Une intimité rare avec Zola photographe, interview de Lionel Riess restaurateur
Choisi par le département photographique de la MAP pour restaurer les plaques négatives détériorées du fonds Zola, Lionel Riess est un jeune praticien dont l’expérience est déjà riche et significative.
Bruno Martin : Lionel Riess, pourriez-vous résumer en quelques mots votre cursus et le début de votre carrière ?
Lionel Riess : Je suis diplômé du Master de conservation-restauration de l’Inp (Institut National du Patrimoine) en spécialité photographie, suite à un cursus ponctué de stages en France et à l’étranger. Professionnel indépendant depuis septembre 2017, je mets en œuvre des interventions de conservation préventive et de restauration sur des fonds photographiques historiques et contemporains conservés par des collections publiques et privées – comme le musée des Arts Décoratifs de Paris, le musée Guimet, le musée Unterlinden de Colmar.
BM : Quelle est votre éthique de restaurateur ?
Lionel Riess : J’envisage toujours les interventions que je pratique dans un cadre déontologique mettant en avant l’innocuité, la réversibilité et la lisibilité des traitements.
BM : Pouvez-vous brièvement décrire les dégradations dont souffrent les plaques photographiques du fonds Zola ?
Lionel Riess : Elles présentent les altérations typiques de ce type de procédé : altérations chimiques de l’image, encrassement, bris. Une part importante est atteinte par des décollements d’émulsion de grande ampleur, s’expliquant par un défaut originel dans la fabrication des plaques et/ou des conditions de conservation inadéquates.
BM : Pour éviter aux plaques de verre, fragiles, les aléas d’un déplacement, la restauration aura lieu au département photographique de la MAP, au fort de Saint-Cyr, où elles sont conservées. En quoi va consister votre travail ?
Lionel Riess : L’intervention envisagée doit permettre de rendre les plaques lisibles et manipulables et d’éliminer les sources de dégradation, prolongeant ainsi la durée de vie des matériaux. Concrètement, chaque plaque sera nettoyée et celles présentant une altération mécanique (fêlure, cassure, décollement d’émulsion) seront doublées par un verre de faible épaisseur. Cette technique permet de redonner une cohésion à la plaque et ce sans collage.

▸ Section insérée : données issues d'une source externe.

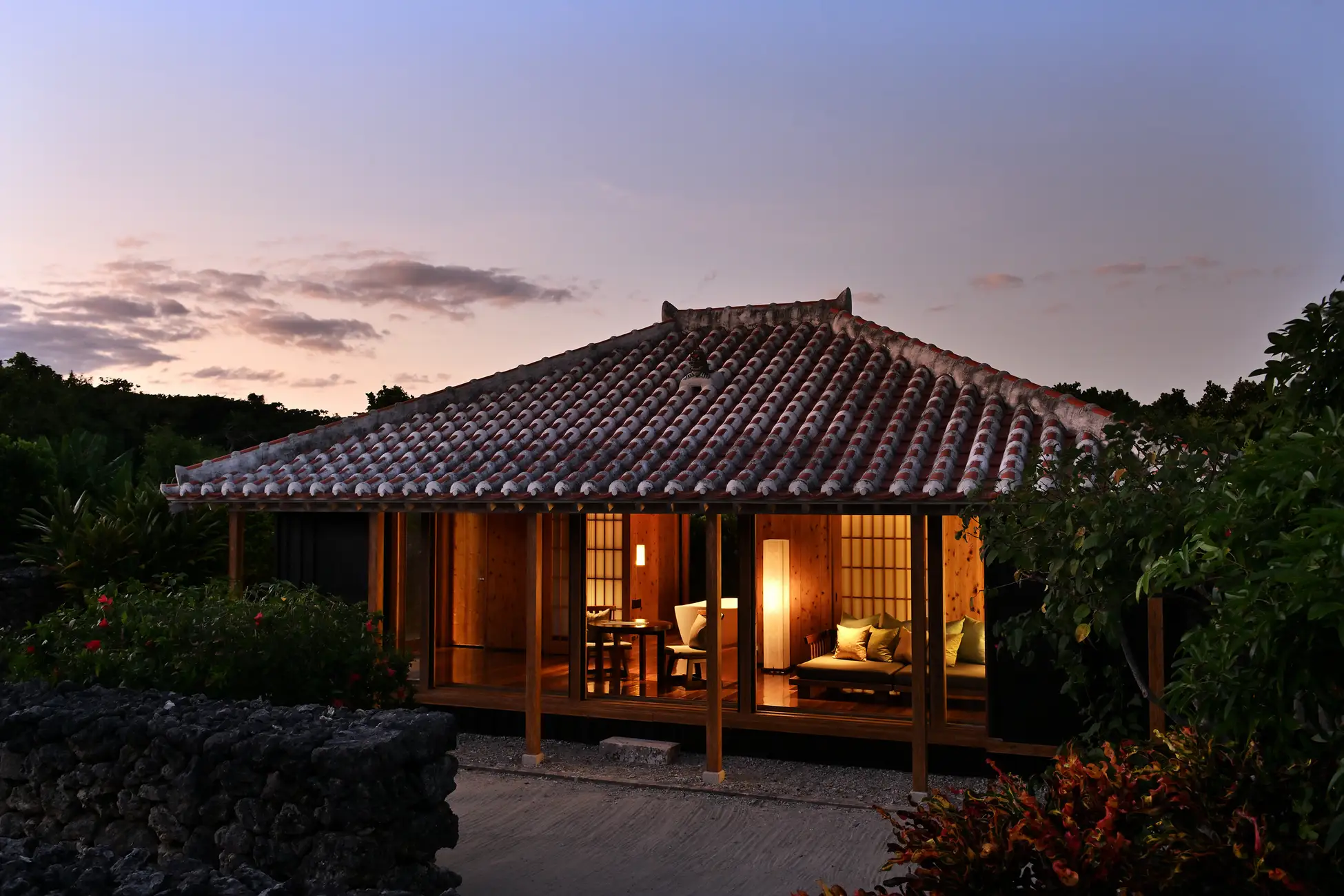 竹富島の東に位置する琉球赤瓦の集落「星のや竹富島」。約2万坪の敷地には、島内の家々と同じように「竹富島景観形成マニュアル」に従い、伝統を尊重して建てた戸建の客室、白砂の路地、プール、見晴台などがあり、沖縄の原風景が広がります。

BM : Par rapport à des positifs, plus immédiatement accessibles, quels enseignements spécifiques peut-on tirer, selon vous, de la restauration et de l’étude d’un tel ensemble de négatifs ?
Lionel Riess : Dans la pratique photographique les négatifs ne sont pas des objets finis, mais des documents de travail dont l’observation permet de découvrir l’art du praticien (retouche, renforcement, recadrage, etc.). Cette restauration permettra donc, outre la mise en place de conditions de conservation saines, une intimité rare avec Zola photographe.

Interview réalisé par Bruno Martin, chargé d'études documentaires du département de la photographie de la MAP, en charge du fonds Zola.